The kinetics of the anionic ring-opening polymerizations (AROP) of epoxide monomers, 1,2-epoxybutane (BO), 1,2-epoxypropane (PO), tert-butyl glycidyl ether (tBuGE), allyl glycidyl ether (AGE), benzyl glycidyl ether (BnGE), and ethoxyethyl glycidyl ether (EEGE), was investigated using benzyl alcohol/tBuP(4) as the initiating system. All the polymerizations proceed in a controlled manner following a first order kinetics with respect to the monomer. The influence of the side chains borne by the oxirane ring was evidenced.
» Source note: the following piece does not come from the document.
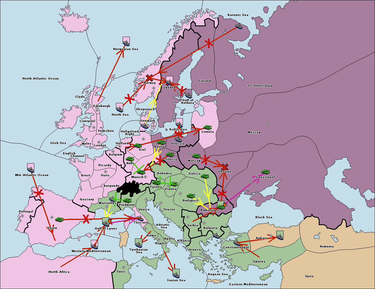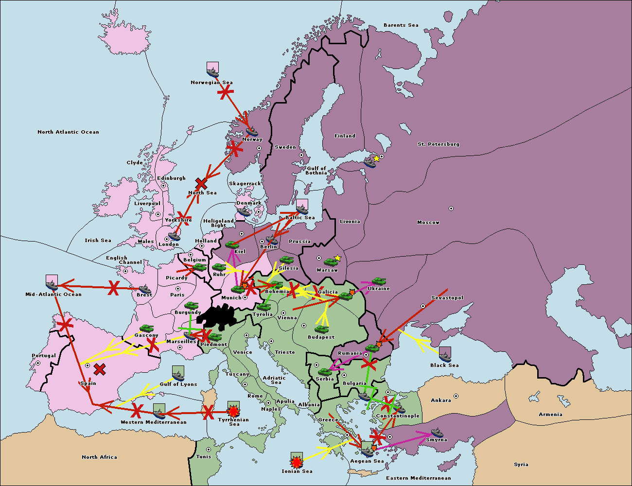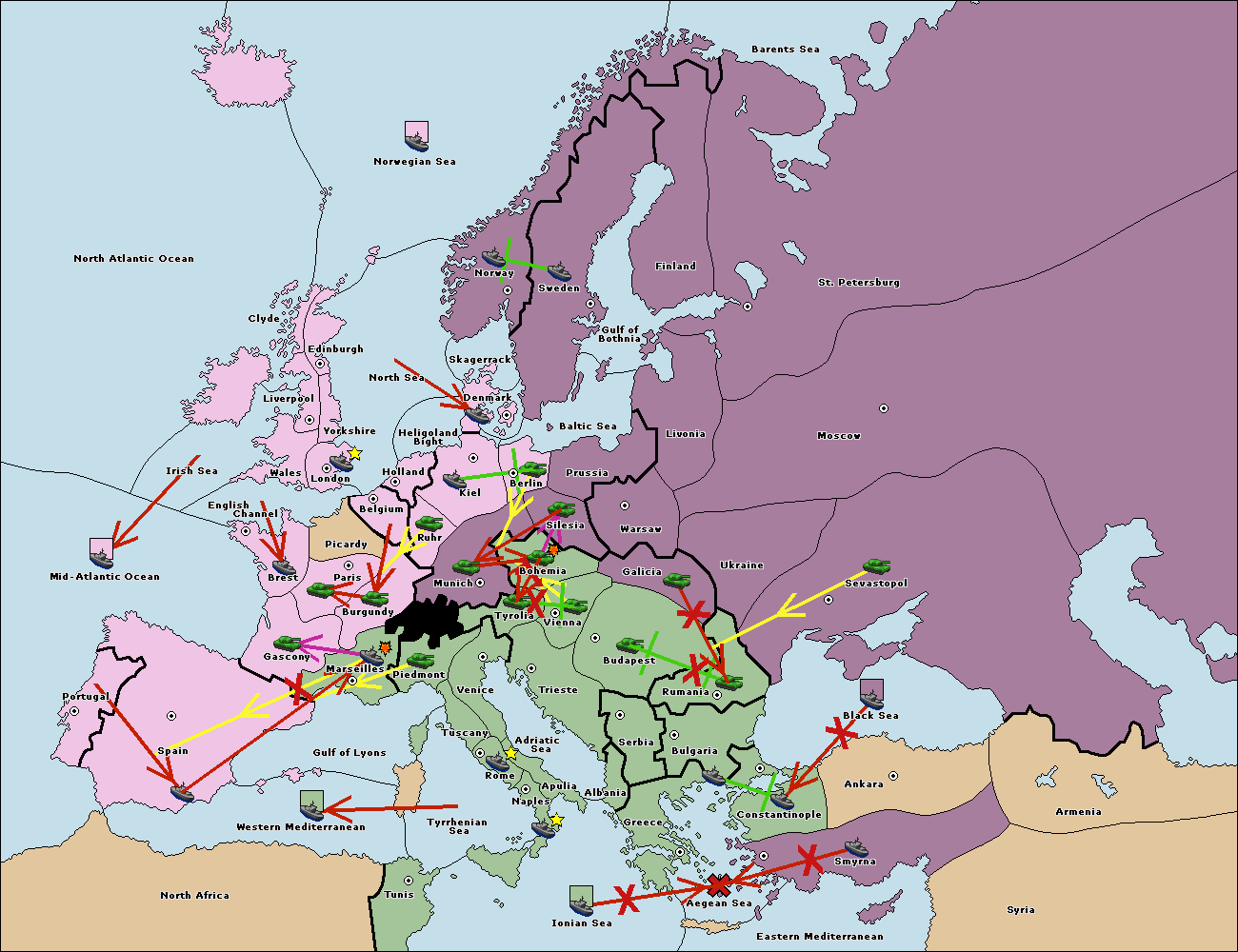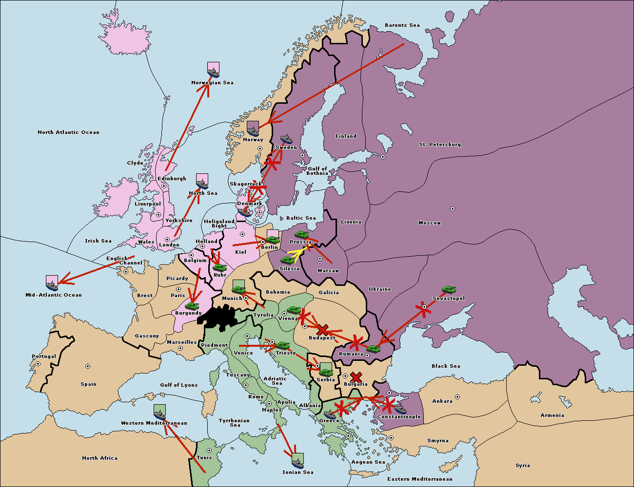 The fleet at Bulgaria (South Coast) move to Aegean Sea.

Propagating centers derived from epoxide bearing heretoatom-containing side chains display higher reactivities and propagation rates. A reactivity scale has been established and is as follows, k(p,BnGE) > k(p,AGE) > k(p,EEGE) >> k(p,tBuGE) approximate to k(p,PO) > k(p,BO). Using BO as the model monomer and different initiator concentrations, the nature of the propagating species has been identified as ion pairs. The influence of a Lewis acid addition on the monomer reactivities and on the control of the polymerization was also investigated. In the presence of triisobutylaluminum (iBu(3)Al), polymerization kinetics was faster but led to a broadening of the molar mass distributions. The monomer reactivity scale was also strongly modified with k(p,PO) > k(p,BO) > k(p,EEGE) approximate to k(p,AGE) > k(p,BnGE) approximate to k(p,tBuGE). The polymerizations of PO, BO and tBuGE follow zero order kinetics which is not the case for the other oxirane monomers.